Rather than a Zener, I suggest you use 2 red LEDs in series (anode to base) Connect a 270 Ohm resistor to the logic output and a 10k resistor between base and emitter.
Audio, You are missing the point. When the input is at 2.7 V, the voltage across the Zener (or LED) will be 5 - 2.7 = 2.3V.
Thus a 3.3 V Zener would have only a small current through it. As I said in the previous post, low voltage zeners do not have a sharp "knee" so that I why I prefer the LED solution.
I suggest you do a switcherCAD simulation (as I did). With 2 red LEDs or a single blue one, the collector current is <1uA when the input is at 2.7V.
I would vote for the "non-inverting" circuit suggested by Ron as it can provide the near 0-5V drive signal to the P-ch MOSFET, resulting in the least Rds upon turn ON.
I would vote for the "non-inverting" circuit suggested by Ron as it can provide the near 0-5V drive signal to the P-ch MOSFET, resulting in the least Rds upon turn ON.
Yes, I agree provided that mitchjs is happy with a non inverting solution.

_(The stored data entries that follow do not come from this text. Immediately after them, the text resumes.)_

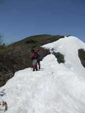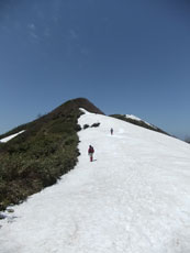 雪を伝って山頂へ。 |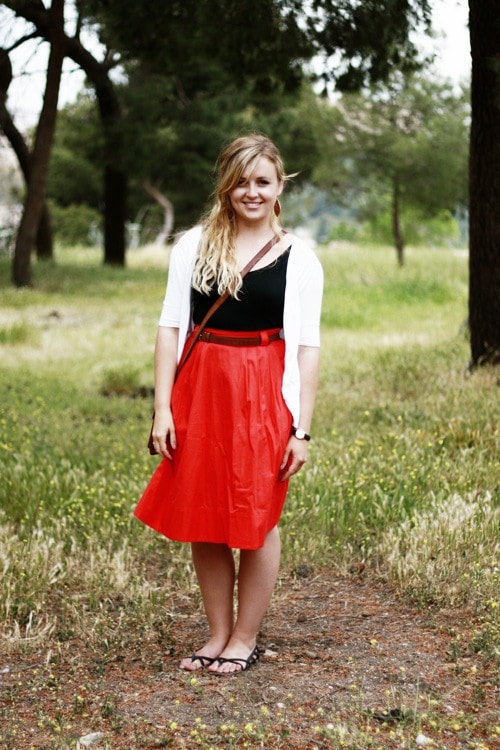 Tip: To make sure you find a flattering silhouette double check that the hem doesn’t fall mid-calf unless the skirt sits at the waist. If you see frustrated with your first one or two attempts to find a longer skirt, don’t give up! Keep trying new lengths to see which looks best on you and don’t be shy to ask for the help of a sales associate!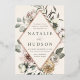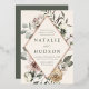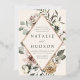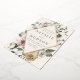 Elegant winter floral wedding invitations featuring your wedding details displayed in dark green lettering nestled inside of a boho floral and rose gold foil frame with an ivory background. The winter flowers feature a colour palette of dusty rose, light pink, ivory, and soft golden yellow with eucalyptus leaves and winter foliage in shades of sage green and rich forest green.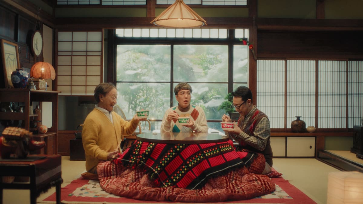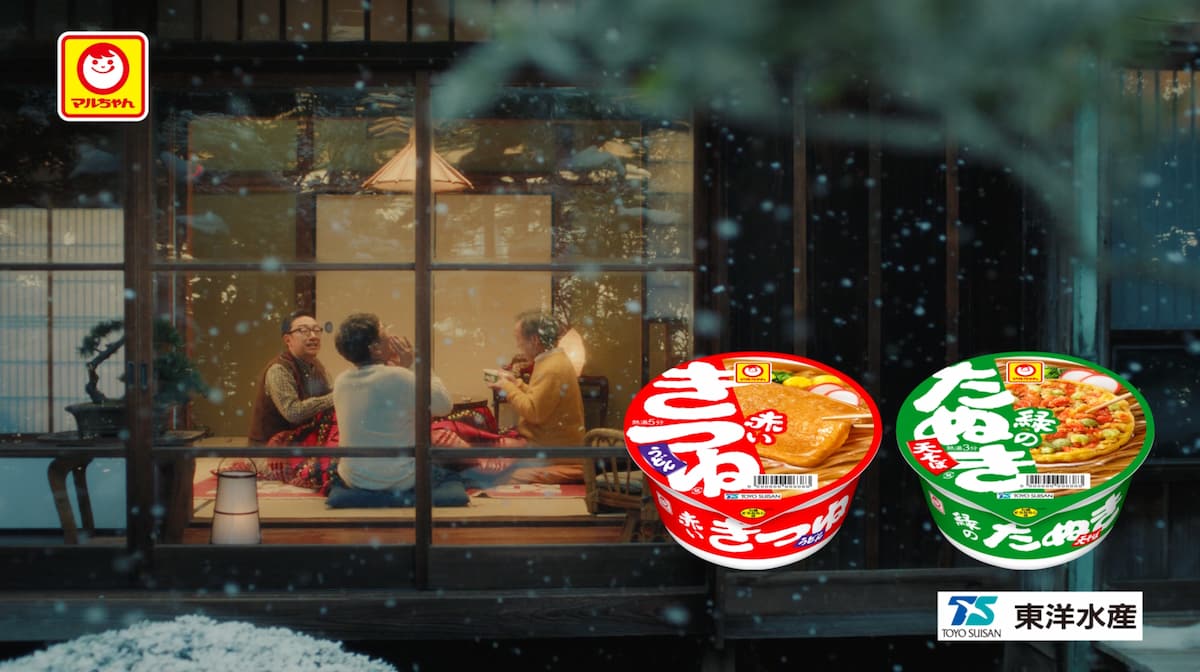 東洋水産は、「マルちゃん 赤いきつね緑のたぬき」の新テレビCM「年末のつどい」篇を12月8日より放映開始する。同ブランドのイメージキャラクターを45年以上務める武田鉄矢さんに加え、今回は俳優としても活躍するおぎやはぎの小木博明さん、東京03の角田晃広さんが出演する。
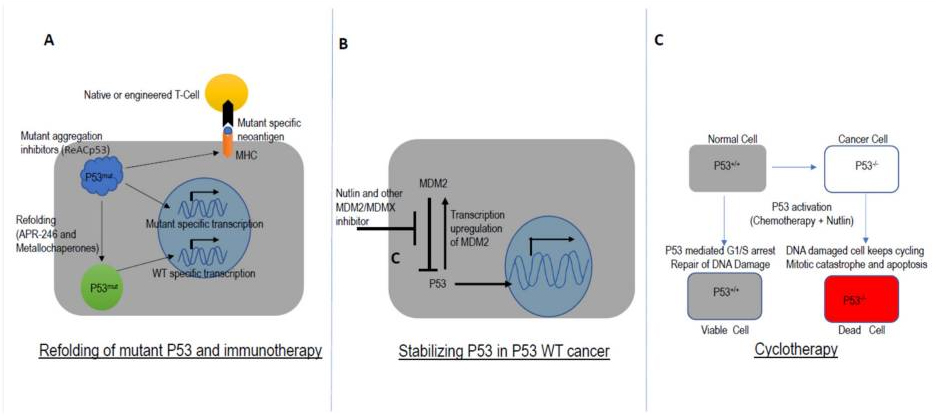 不幸的是,通过基因治疗重新引入野生型P53的尝试仍然失败。腺病毒介导的野生型P53在卵巢癌患者中的二期/三期随机试验中失败。同时,野生型P53的表达并不足以抑制所有转化细胞的生长。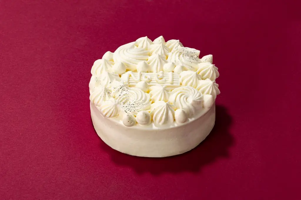 特徴:創業当時から愛される「フォレ・ブランシュ」をグランスタ限定デザインで提供。雪のように儚い口どけのオリジナルクリームとダークチェリー、繊細な絞りで装飾された一台。6号サイズ(直径約18cm×高さ約5.7cm)は10,800円でも取り扱いあり。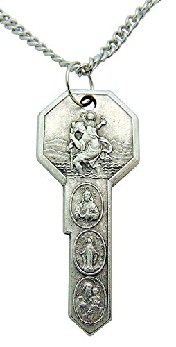 Saint Christopher & St Anthony Key Pendant 2 Inch Long with Chain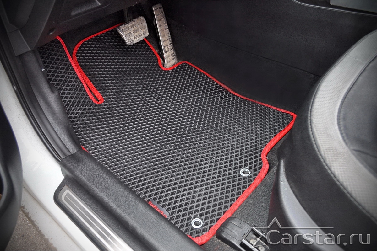 Коврики EVA надёжно крепятся с помощью оригинальных систем фиксации. Благодаря клипсам и липучке коврики защищены от смещений, что обеспечивает комфорт и безопасность вождения. Максимальное удобство также достигается точными, улучшенными лекалами для каждого автомобиля.

However, he specified that he wants the circuit respond to <1V, so Ron's circuit needs a diode or red LED in series with the base in order to ensure this.

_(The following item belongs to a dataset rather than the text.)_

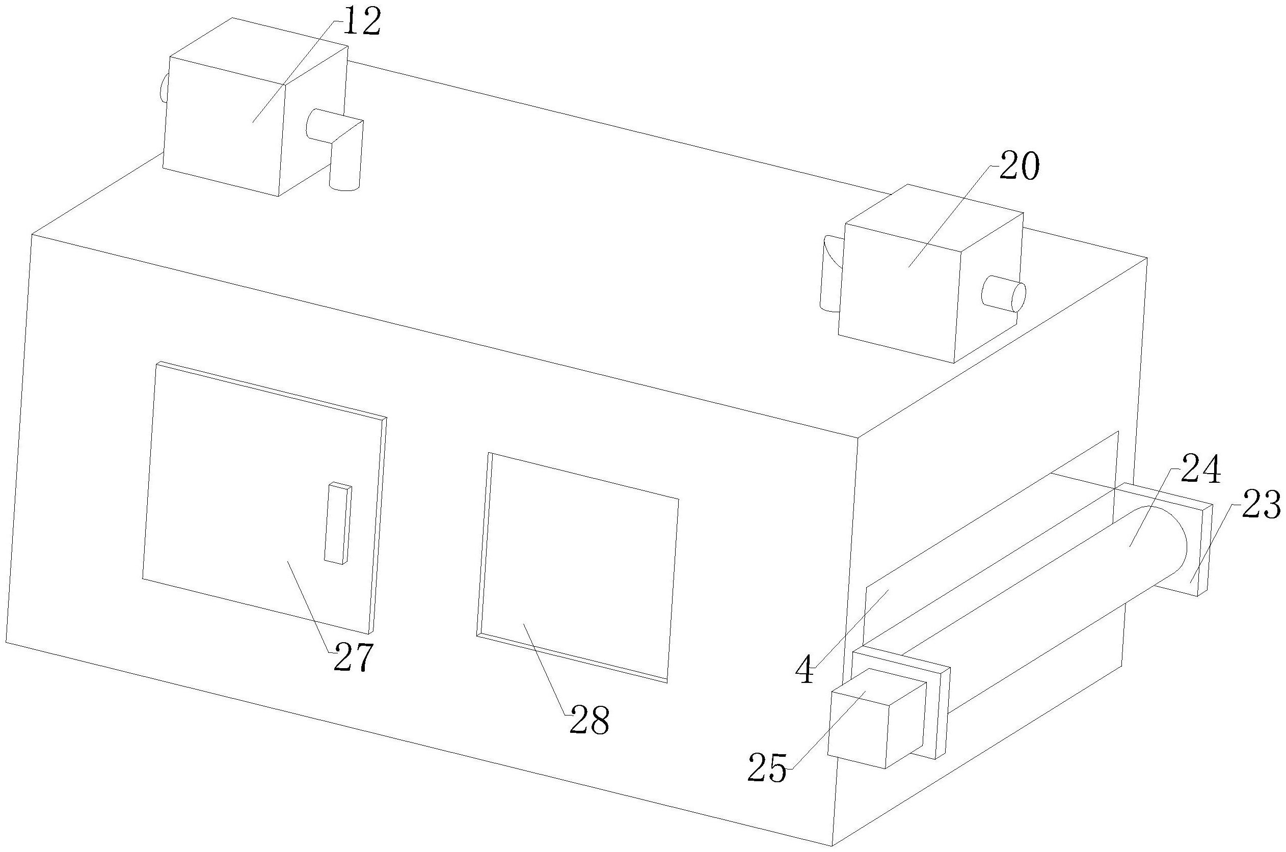 本实用新型涉及印花设备技术领域,具体为一种毛巾套印印花设备,包括工作箱,所述工作箱内置工作空腔,所述工作空腔左右两侧侧壁对应位置分别设置进料口以及出料口,所述工作空腔位于进料口下方设置工作台,所述工作空腔顶端设置一组液压杆,所述液压杆底端设置印花结构,所述工作空腔位于液压杆左侧依次设置展平装置以及除尘装置,所述工作空腔位于液压杆右侧设置烘干装置,所述工作箱右侧侧壁位于出料口下方设置收卷装置,通过除尘装置的设置,便于在毛巾布料的上下两侧分别进行抽风以及吹风,同时配合清理刷毛对毛巾布料表面的梳理,从而便于对毛巾布料内的灰尘以及杂质进行清理,从而提升印花效果。
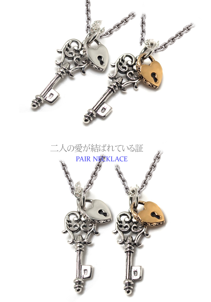 彼氏にはクラシカルなキーデザイン。サイドの彫金が美しいハートのチャームお洒落なスタイル。彼女には愛らしい、ゴールドのアクセントの輝きが美しいアイテムです。カジュアルにもフォーマルにも合うペアに仕上げました。2人の愛が結ばれてる証のペアネックレスです。

And, as I told Ron in a PM, his other solution needs a diode in series with the base as Q1 will not be fully off at the specified 2.7V.
What I said is that low voltage Zeners don't have a sharp "knee" and I can't find a decent data sheet for a either a 2.7V or a 3.3V Zener so I can't calculate whether a Zener is adequate.

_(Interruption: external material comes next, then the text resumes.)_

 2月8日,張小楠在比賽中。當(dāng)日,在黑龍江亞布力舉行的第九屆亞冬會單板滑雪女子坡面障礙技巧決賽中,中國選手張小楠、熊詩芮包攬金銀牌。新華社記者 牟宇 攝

Also, my SwitcherCAD simulation software does not have a model for either of these Zener values, so I can't check it by simulation.
You also need to consider thermal effects. If the transisor is partially on at a temperature of say 20C, then it will be even worse at 30C since Vbe decreases with increasing temp.
However, I do have SwCAD models for both a red LED and a blue one. Both of these (ie. 2 red or 1 blue) give satisfactory operation.
That noninverting circuit I posted will work, after a fashion, if you adjust some of the resistor values. The problem is, it doesn't account for the resistance of the logic stage driving the input. It would be better to just use two inverters, as below. There are probably other solutions which are as good or better.